> _Input data_:
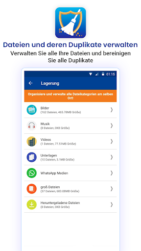 Nutzen Sie den Datei-Explorer optimal, um auf Ihrem Gerät gespeicherte Dateien effizient zu verwalten. Dies ist eine erstaunliche Funktion von Cleaner For Android zum Kategorisieren von Dateien und Ordnern. Darüber hinaus können Sie Ihre Dateien freigeben, entfernen und sichern.
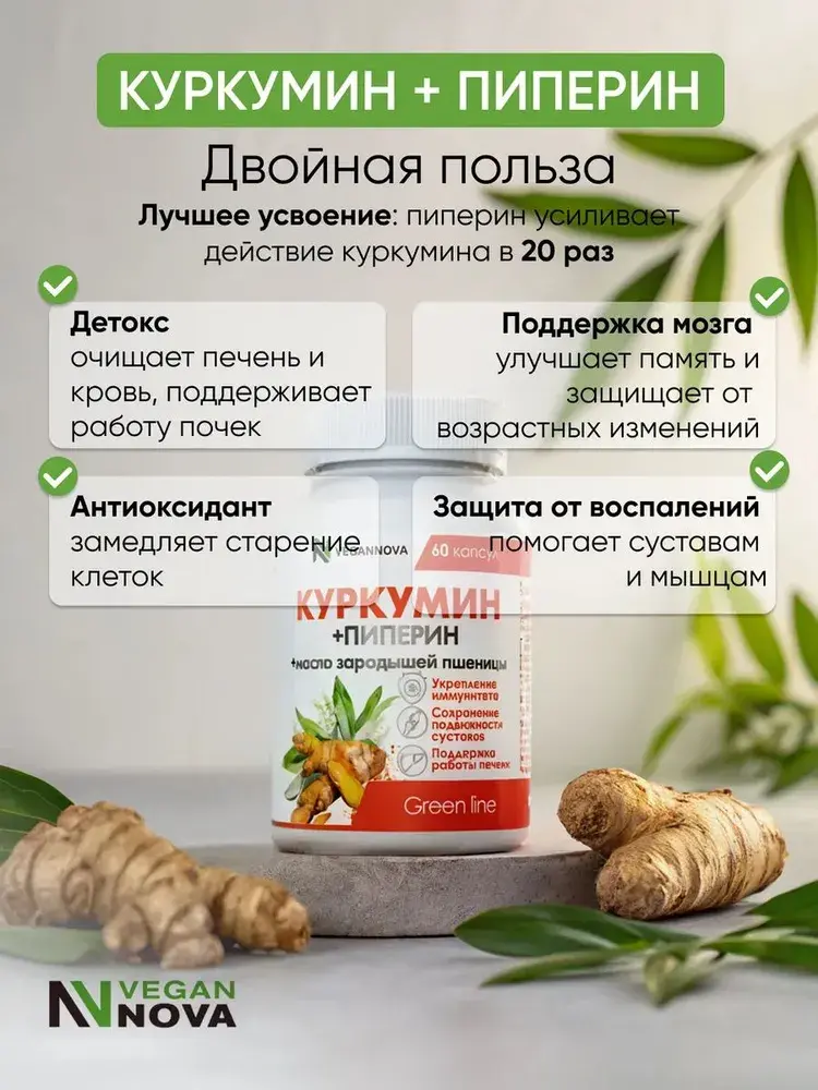Куркумин – активное вещество, содержащееся в корне куркумы, известное своими мощными антиоксидантными и противовоспалительными свойствами. Пиперин – экстракт чёрного перца, значительно увеличивает биодоступность куркумина. Витамин E и другие антиоксиданты, содержащиеся в масле ростков пшеницы, способствуют укреплению иммунной системы, повышая её способность защищать организм от инфекций и болезней, а полезные жирные кислоты, содержащиеся в масле, поддерживают здоровье сердечно-сосудистой системы.
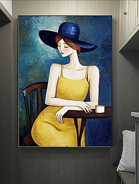 Pintura al óleo abstracta y colorida hecha a mano de una mujer, arte abstracto de hermanas vaqueras, arte de pared retro figurativo sobre lienzo, arte de figura original, decoración de pared moderna
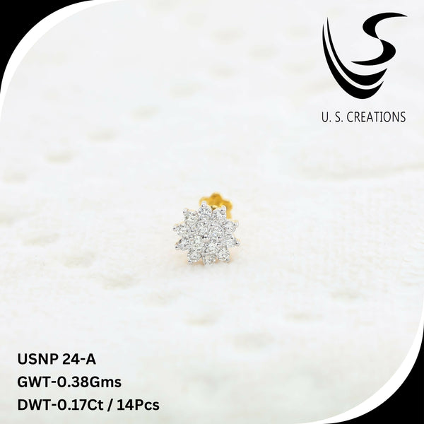 Adorn your nose with this elegant gold nose pin, featuring a mesmerizing cluster of Fourteen sparkling diamonds. this exquisite piece offers a secure screw-back closure for a comfortable fit, making it the perfect blend of luxury and everyday wear

> _Your task_:
Reproduce the whole listing above word for word, dropping each image.

> _Output of the exercise_:
 Nutzen Sie den Datei-Explorer optimal, um auf Ihrem Gerät gespeicherte Dateien effizient zu verwalten. Dies ist eine erstaunliche Funktion von Cleaner For Android zum Kategorisieren von Dateien und Ordnern. Darüber hinaus können Sie Ihre Dateien freigeben, entfernen und sichern.
Куркумин – активное вещество, содержащееся в корне куркумы, известное своими мощными антиоксидантными и противовоспалительными свойствами. Пиперин – экстракт чёрного перца, значительно увеличивает биодоступность куркумина. Витамин E и другие антиоксиданты, содержащиеся в масле ростков пшеницы, способствуют укреплению иммунной системы, повышая её способность защищать организм от инфекций и болезней, а полезные жирные кислоты, содержащиеся в масле, поддерживают здоровье сердечно-сосудистой системы.
 Pintura al óleo abstracta y colorida hecha a mano de una mujer, arte abstracto de hermanas vaqueras, arte de pared retro figurativo sobre lienzo, arte de figura original, decoración de pared moderna
 Adorn your nose with this elegant gold nose pin, featuring a mesmerizing cluster of Fourteen sparkling diamonds. this exquisite piece offers a secure screw-back closure for a comfortable fit, making it the perfect blend of luxury and everyday wear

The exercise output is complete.